Fighting Obesity and Diabetes with Time-Restricted Eating
The “95%” statistic for failed diets is commonplace in blogs and publications of health and wellness, and while a google search will also reveal a large amount of scrutiny regarding this dark portent of inevitable failure, weight-regain is still an enormous problem facing a country where, according to the CDC, obesity affects 93.3 million Americans.
A 2007 study reported that of people who made efforts to lose at least 10% or more of their body weight, one third of them regained it the following year. Ominously, weight-loss maintenance can be as little as 3.2% depending on who a given study or meta-analysis includes.
A strategy as old as life itself
There are plenty of dietary, fitness, and lifestyle strategies available for an individual wanting to lose weight or reduce their risk for cardiovascular disease. One such theater is circadian biology, an emerging area of study investigating the body’s relationship to the 24 hour day-night cycle of our planet. Here, many researchers believe they’re coming up with a better solution to combat obesity and heart disease; but how exactly do circadian rhythms affect human life, and what can we learn from them to help keep the weight off?
Circadian rhythms can be observed in almost every living thing, including animals, plants, and fungi. It is a blanket term to describe biological functions dependent on the 24 hour rotation of our planet. Through photoreceptors in our eyes, a part of the brain called the Suprachiasmatic-nucleus works as a master cellular oscillator, or “clock,” activating hundreds of genetic pathways involved in things like metabolism and immune-response based on the perception of light, or lack of light, in the environment.
Out of this field, a question arises regarding weight-loss, weight-management, and disease prevention: what if what you eat matters less than when you eat? Fasting for instance is another term dripping from the lips of bloggers and scientists alike, as the benefits of fasting are wide and diverse. But if an individual can’t manage their sugar intake or find 30 minutes in a day for exercise, one could imagine asking them to skip breakfast, lunch, and dinner for two days would only result in failure.
The panda and the mouse
However, in 2018 Dr. Satchin Panda showed that when a group of mice which could only access their high-sugar high-fat chow, meant to induce obesity, during a 10-hour window of their active period of the day, they were protected from weight-gain and other metabolic diseases while also displaying much better markers of metabolic health such as blood-glucose, blood-lipids, circulating cholesterol, and insulin sensitivity. Another control group of mice had access to food whenever they wanted, and these gained significant weight and almost all developed some kind of metabolic disorder, i.e. cardiovascular disease, obesity, etc.

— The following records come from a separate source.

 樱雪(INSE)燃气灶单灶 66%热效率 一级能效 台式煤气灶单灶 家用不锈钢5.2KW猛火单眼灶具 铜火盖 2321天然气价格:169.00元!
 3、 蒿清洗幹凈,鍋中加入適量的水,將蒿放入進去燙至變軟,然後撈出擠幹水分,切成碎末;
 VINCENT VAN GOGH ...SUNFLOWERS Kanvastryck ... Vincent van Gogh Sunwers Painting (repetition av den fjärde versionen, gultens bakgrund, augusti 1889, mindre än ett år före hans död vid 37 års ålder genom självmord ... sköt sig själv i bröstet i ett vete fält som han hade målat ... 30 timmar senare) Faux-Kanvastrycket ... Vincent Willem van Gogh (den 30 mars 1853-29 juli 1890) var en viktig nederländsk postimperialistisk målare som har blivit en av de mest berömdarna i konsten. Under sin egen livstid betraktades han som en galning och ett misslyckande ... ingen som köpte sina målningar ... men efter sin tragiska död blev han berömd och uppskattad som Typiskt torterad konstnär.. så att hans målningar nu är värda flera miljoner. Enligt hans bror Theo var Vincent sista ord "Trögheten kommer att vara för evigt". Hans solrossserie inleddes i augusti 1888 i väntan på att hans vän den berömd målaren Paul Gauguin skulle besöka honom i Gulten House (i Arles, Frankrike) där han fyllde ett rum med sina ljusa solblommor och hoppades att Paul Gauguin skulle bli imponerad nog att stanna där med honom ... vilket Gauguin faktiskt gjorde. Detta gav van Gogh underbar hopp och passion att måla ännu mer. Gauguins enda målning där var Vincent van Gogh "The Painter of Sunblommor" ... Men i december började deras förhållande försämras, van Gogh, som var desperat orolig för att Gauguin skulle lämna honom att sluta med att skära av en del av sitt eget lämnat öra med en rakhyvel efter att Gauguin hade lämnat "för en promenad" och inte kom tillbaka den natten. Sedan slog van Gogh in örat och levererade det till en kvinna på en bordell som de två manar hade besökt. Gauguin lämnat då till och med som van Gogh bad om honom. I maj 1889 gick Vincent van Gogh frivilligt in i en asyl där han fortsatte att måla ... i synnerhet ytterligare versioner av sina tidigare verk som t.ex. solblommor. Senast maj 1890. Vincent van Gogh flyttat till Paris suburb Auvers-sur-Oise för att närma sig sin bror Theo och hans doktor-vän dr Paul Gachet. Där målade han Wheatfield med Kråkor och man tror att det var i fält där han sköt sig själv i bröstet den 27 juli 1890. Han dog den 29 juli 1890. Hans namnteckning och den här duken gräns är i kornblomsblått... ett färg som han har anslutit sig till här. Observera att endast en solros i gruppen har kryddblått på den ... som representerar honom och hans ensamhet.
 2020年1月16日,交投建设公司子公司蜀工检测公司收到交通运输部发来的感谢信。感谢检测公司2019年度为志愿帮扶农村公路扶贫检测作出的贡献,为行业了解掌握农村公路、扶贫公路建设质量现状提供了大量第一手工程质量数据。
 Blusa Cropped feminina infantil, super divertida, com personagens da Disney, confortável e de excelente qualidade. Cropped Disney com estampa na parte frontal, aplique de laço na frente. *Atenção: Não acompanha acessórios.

This strategy, called Time-restricted feeding, shows great promise in early trials with humans, and fits in perfectly with existing circadian literature. Many genes that regulate metabolism or hormonal production exist in a relationship with biological functions meant to track daylight, time, and darkness. One major breakthrough in this field came from a discovery which found that increased melatonin signaling prevented the secretion of insulin in the blood. Insulin turns excess carbs and sugar into an energy storage form called glycogen; an important process in maintaining metabolic health.

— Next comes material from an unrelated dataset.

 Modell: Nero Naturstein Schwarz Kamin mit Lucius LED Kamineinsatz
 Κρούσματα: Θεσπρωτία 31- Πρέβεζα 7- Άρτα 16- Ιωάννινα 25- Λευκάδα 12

In 2009 Genome-wide association studies found that melatonin receptor 1 B was among the most common genetic variants associated with type-2 diabetes. Melatonin, AKA the Sleep Hormone, AKA the Hormone of Darkness, is produced in the pineal gland of the brain when the circadian clocks in the body enter the nocturnal phase of the day. Melatonin is an effective promoter of sleep, while also fulfilling a number of other functions.

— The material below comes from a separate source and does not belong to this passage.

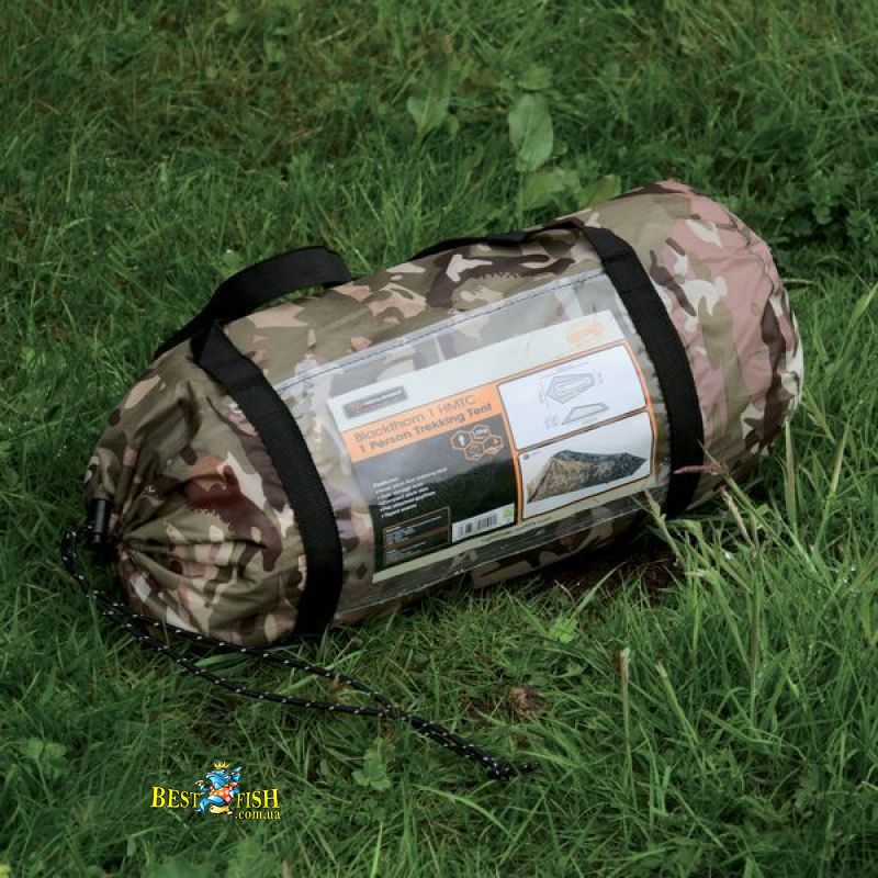 Компактная одноместная палатка Highlander Blackthorn 1, интересна не только тем, кто путешествует в одиночку, но, может быть даже более, рыбакам и охотникам. Выезжая на ночную рыбалку или охоту не всегда есть возможность брать полноразмерную палатку, а Highlander Blackthorn 1 всегда поместится даже в небольшом рюкзаке. Специальная расцветка HMTC (Highlander Multi Terrain Camo) - это камуфляжный узор, разработанный эксклюзивно для компании Highlander, адаптированный для маскировки в большинстве ландшафтов при любом освещении. Не смотря на невысокую цену и компактные размеры, эта двухслойная палатка с качественным полиуретановым покрытием внешнего тента способна защитить от дождя средней интенсивности не только хозяина, но и достаточно объемный рюкзак, обувь и другие личные вещи. Все это можно разместить либо в тамбуре, либо под навесом внешнего тента с обратной стороны от входа. Предварительно изогнутые дуги увеличивают внутреннее пространство палатки.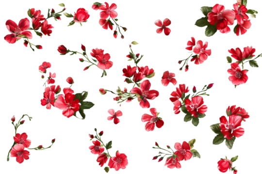 Falling flowers with red petals in the air, spring season placed on white or transparent background

This is damning science for those among us who enjoy a late-night glass of wine, or midnight snack, as our bodies are not able to appropriately metabolize the carbs and fats eaten after the sun goes down and melatonin is flowing. In fact, a study of 26,000 men with a 16 year follow up found that late-night caloric consumption led to a 55% increase in the risk for cardiovascular disease.
A gateway strategy
Circadian biology would suggest there are not just unhealthy foods but unhealthy times to eat, and that ice cream for breakfast may be better in the long term than after dinner. A variety of different research including epidemiology studies and other smaller-case studies has shown that if you can consume all of your meals within an 8 to 10 hour window, the risk for cardiovascular and metabolic diseases could very well go down.
If super-leniency is required, even a 12 hour window is enough to see similar benefit to those experienced by the mice in Dr. Panda’s lab. However an 8 hour window is more ideal not just for metabolism, but also because 16 hours without food allows for autophagy, the master cellular cleanup and repair process, to carry on its absolutely vital processes far longer.
It would be immoral to suggest that TRE is a magical cure for obesity and diabetes; the average person would still be far better off if they could remove junk food from their diet entirely, along with the undeniable fact that there has never been a single eating strategy that works for everyone. But in TRE there exists an easy-to-implement and often more desirable strategy for people who may be at risk of obesity and type-2 diabetes.